Nos ha nacido un niño: el Dios de toda majestad, se anonadó a sí mismo, se hizo semejante a nosotros no sólo tomando el cuerpo terrestre de los mortales, sino aún más, haciéndose a la edad de un niño, cargado de debilidad y pequeñez. ¡Bienaventurada infancia, cuya debilidad y simplicidad son más fuertes y más sabias que todos los hombres! Porque, en verdad, la fuerza de Dios y la sabiduría de Dios llevan a cabo aquí su obra divina a través de nuestras realidades humanas. Sí, la debilidad de este niño vence al príncipe de este mundo; rompe nuestras ataduras y nos libera de nuestra cautividad. La simplicidad de este niño, la cual parece muda y faltada de palabra, vuelve elocuentes las lenguas de los hijos; les hace hablar con el lenguaje de los hombres y de los ángeles... Este niño parece ignorante pero es quien enseña la sabiduría a los hombres y a los ángeles, él que, en realidad, es... la Sabiduría de Dios y su Verbo, su Palabra.
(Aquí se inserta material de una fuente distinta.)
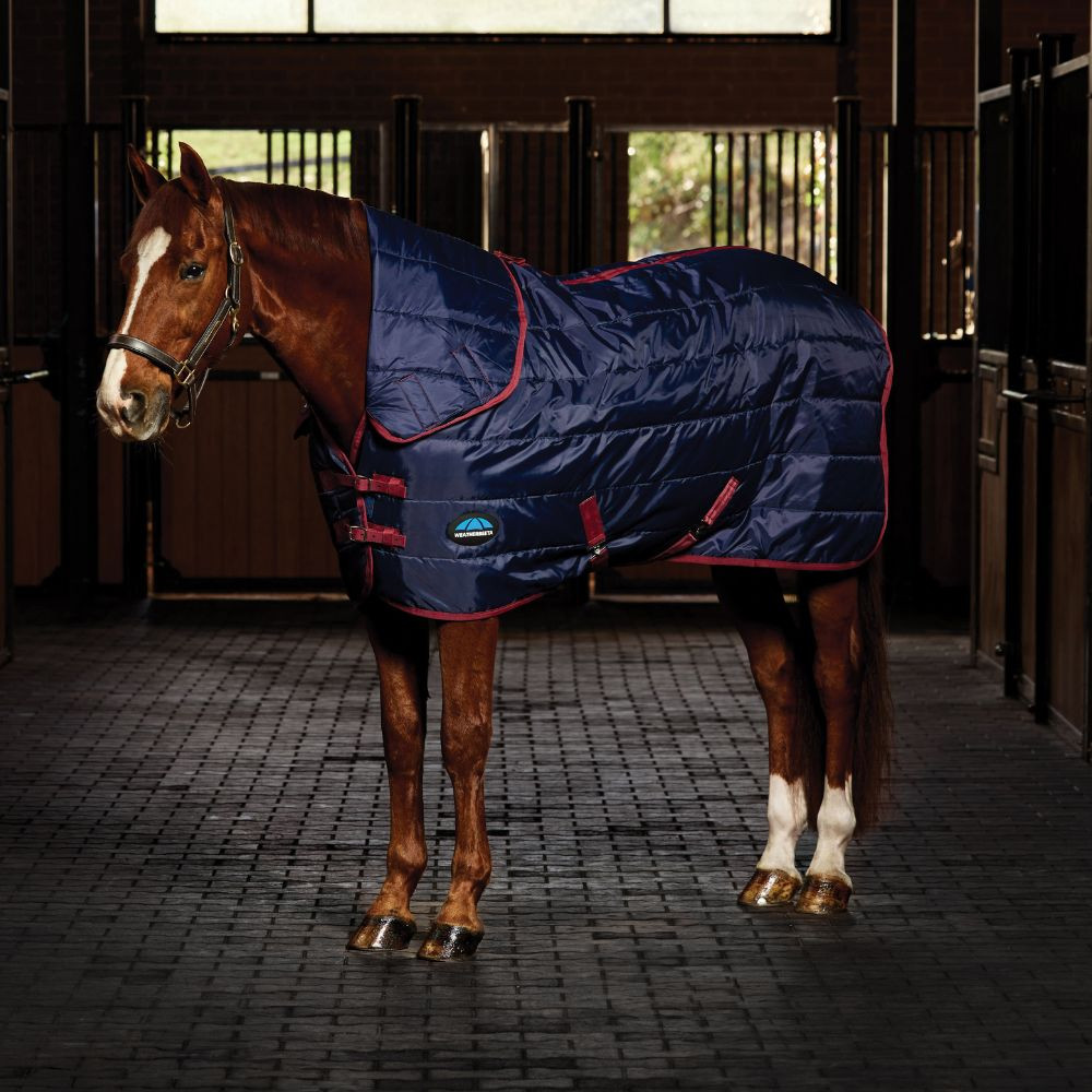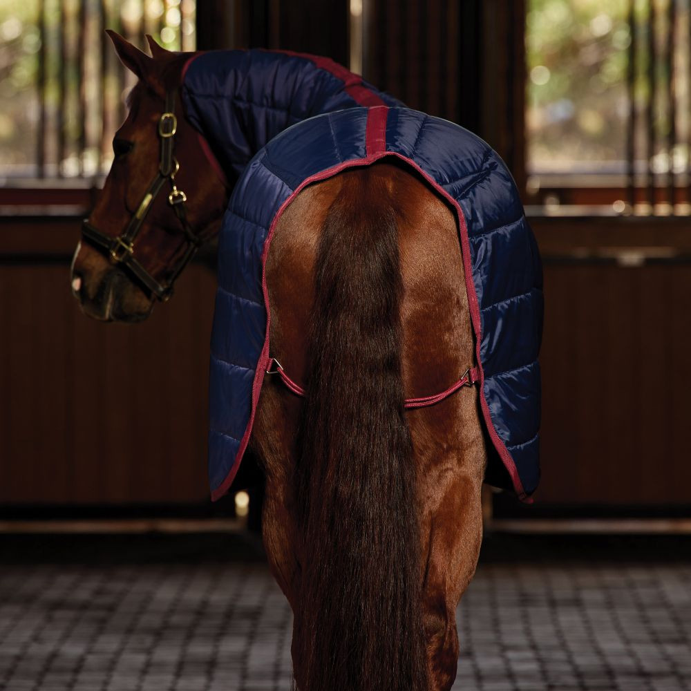 For added versatility, the combo neck can be folded back and secured with a touch tape loop, converting it to a standard neck rug when needed. Finished in classic navy and burgundy, this stable rug combines style, practicality and performance.

¡Oh santa y dulce infancia, que devuelves a los hombres la verdadera inocencia gracias a la cual a cualquier edad se puede regresar a la bendita infancia y asemejarse a ella, no por la pequeñez de sus miembros, sino por la humildad de corazón y la suavidad de su comportamiento! Indudablemente, vosotros los hijos de Adán, que sois tan grandes a vuestros propios ojos..., si no os convertís y no os hacéis como ese niño, no entraréis en el Reino de los cielos. «Yo soy la puerta del Reino», dice ese niño. Si la altura de los hombres no se inclina, esta humilde puerta no los dejará entrar.
(Referencias bíblicas: : Is 9,5; 1C 1,24; Jn 12,31; Sab 10,21; 1C 13,1; Sl 93,10; Mt 18,3-4; Jn 10).